2.1. Incidence and Characteristics of Patients Colonized with CRE

Out of 350 infants screened at the hospital discharge, 88 (25.1%) were colonized with CRE. Patients’ demographic and clinical data are presented in

Table 1. Characteristics of patients and statistical analysis of variables potentially associated with colonization with carbapenem-resistant Enterobacterales (CRE).

Covariate	N = 350	%	Colonized (N = 88)		Non-Colonized (N = 262)		OR (CI, 95%)	p Value
			N	%	N	%
Male sex	183	52	46	52.2	137	52.2	1.00 (0.617–1.623)	1.001
Premature (≤32 w/g)	175	50	53	60.2	122	46.5	1.72 (0.917–3.241)	0.09
One-minute Apgar score at birth (≤7)	258	73.7	75	85.2	183	69.8	2.967 (1.496–5.887)	0.002
Birth weight ≤ 1000 g	52	14.8	22	25	118	45.4	2.25 (1.289–3.941)	0.004
Small for gestational age	77	22	20	22.7	47	17.9	1.35 (0.75–2.43)	0.348
Mechanical ventilation	139	39.7	40	45.5	99	37.8	1.36 (0,83–2.22)	0.203
Umbilical venous catheter	208	59.4	68	77.2	140	53.3	2.96 (1.70–5.16)	<0.001
Total parenteral nutrition	86	24.6	27	30.6	59	22.5	1.52 (0.89–2.60)	0.152
Retinopathy of prematurity	121	34.6	32	36.4	89	34	1.11 (0.671–1.84)	0.699
Bronchopulmonary dysplasia	18	5.1	5	5.6	13	5	1.15 (0.34–3.32)	0.780
Persistent ductus arteriosus	65	18.6	19	21.6	46	17.5	1.28 (0.70–2.32)	0.432
Necrotizing enterocolitis	16	4.6	10	11.3	6	2,3	5.47 (1.93–15.52)	0.001
Respiratory distress syndrome	282	80.6	77	87.5	205	78.2	1.94 (0.97–3.90)	0.060
Intraventricular hemorrhage	94	26.8	35	39.8	59	22.5	2.27 (1.35–3.80)	0.002
Clinical signs of sepsis (without positive blood culture)	78	22.2	25	28.4	53	20.2	2.53 (1.44–4.46)	0.11
Laboratory confirmed sepsis (positive blood culture)	53	15.1	27	30.6	26	29.3	3.07 (1.72–5.50)	< 0.001
Stay at neonatal intensive care unit	198	56.5	66	75	132	50.3	2.95 (1.72–5.07)	<0.001
Days at neonatal intensive care unit	16.98 ± 19.21		17.32 ± 17.11		15.86 ± 17.12		N.A.	0.403
Days of hospitalization	54.2 ± 34.9		66.28 ± 36.23		50.14 ± 33.63		N.A.	<0.001

OR—Odds ratio; CI—confidence interval; w/g—week of gestation; N.A.—not applicable; p values were calculated using chi square test or Fisher test when appropriate; for non-parametric variables Mann-Whitney U test was applied.

.

Overall, CRE colonized patients had significantly lower birth weight (<1000 g), lower first minute Apgar score, and were in need of umbilical venous catheter placement more often, compared to the non-colonized ones.
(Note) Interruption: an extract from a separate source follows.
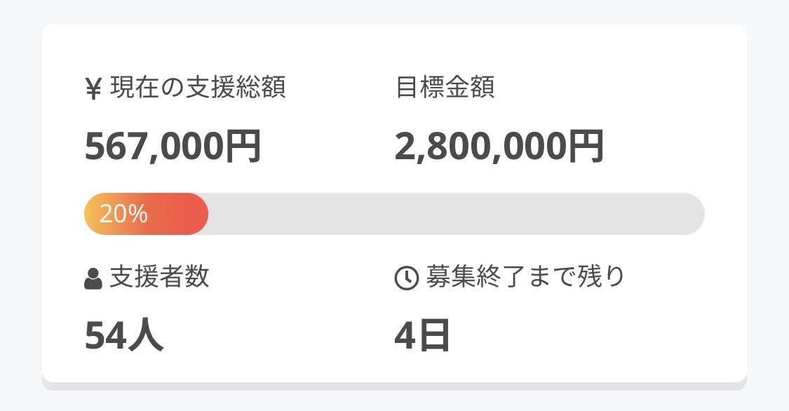 2021/02/28 14:05クラウドファンディングご支援頂きありがとうございましたッ!!!目標額280万円達成は至りませんでしたが、ご支援頂いた816,000円を大切に使わせて頂き、方法を模索しながら夢に繋げて行きたいと思います。最後の最後まで一緒に駆け抜けてくださり、本当にありがとうございました!! もっと見る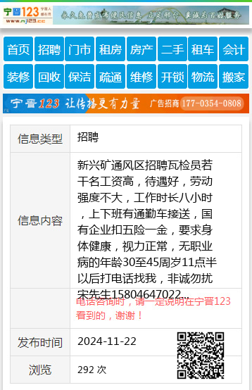 新兴矿通风区招聘瓦检员若干名工资高,待遇好,劳动强度不大,工作时长八小时,上下班有通勤车接送,国有企业扣五险一金,要求身体健康,视力正常,无职业病的年龄30至45周岁11点半以后打电话找我,非诚勿扰宋先生15804647022 【电话咨询时,请一定说明在七台河信息网看到的,谢谢!】 |

A significant majority of CRE colonized patients (75%) were admitted to NICU (p < 0.001) and their in-hospital stay was significantly longer than non-colonized patients (p < 0.001). Further on, mechanical ventilation, total parenteral nutrition, and lower level of maturity (≤32 weeks of gestation) were more common among the colonized; however, the difference did not reach statistical significance. The number of neonates with laboratory confirmed sepsis was significantly higher in CRE colonized patients while the rate of clinical sepsis without laboratory confirmation did not differ between the groups. Moreover, the complications associated with preterm birth were overall more frequent among colonized neonates, but statistical significance was found for necrotizing enterocolitis (NEC) and intraventricular hemorrhage (IVH) (p = 0.001 and p = 0.002, respectively).

Although, laboratory confirmed sepsis was significantly more common among CRE colonized (p < 0.001), infection due to CRE was confirmed in only one colonized patient (1.1%) with symptoms of pneumonia, whose tracheal aspirate taken at hospital admission yielded Escherichia coli with resistance patterns identical as the colonizing strain detected at hospital discharge.

2.2. Antibiotic Therapy in Regard to Colonization with CRE

Initial antibiotic therapy, as a regular procedure at admission was administered to all patients during the first 5–7 days of hospitalization, whereas in one third of patients initial therapy was given for longer period (7–15 days) (

Table 2. Antibiotic therapy in regard to colonization with carbapenem-resistant Enterobacterales (CRE).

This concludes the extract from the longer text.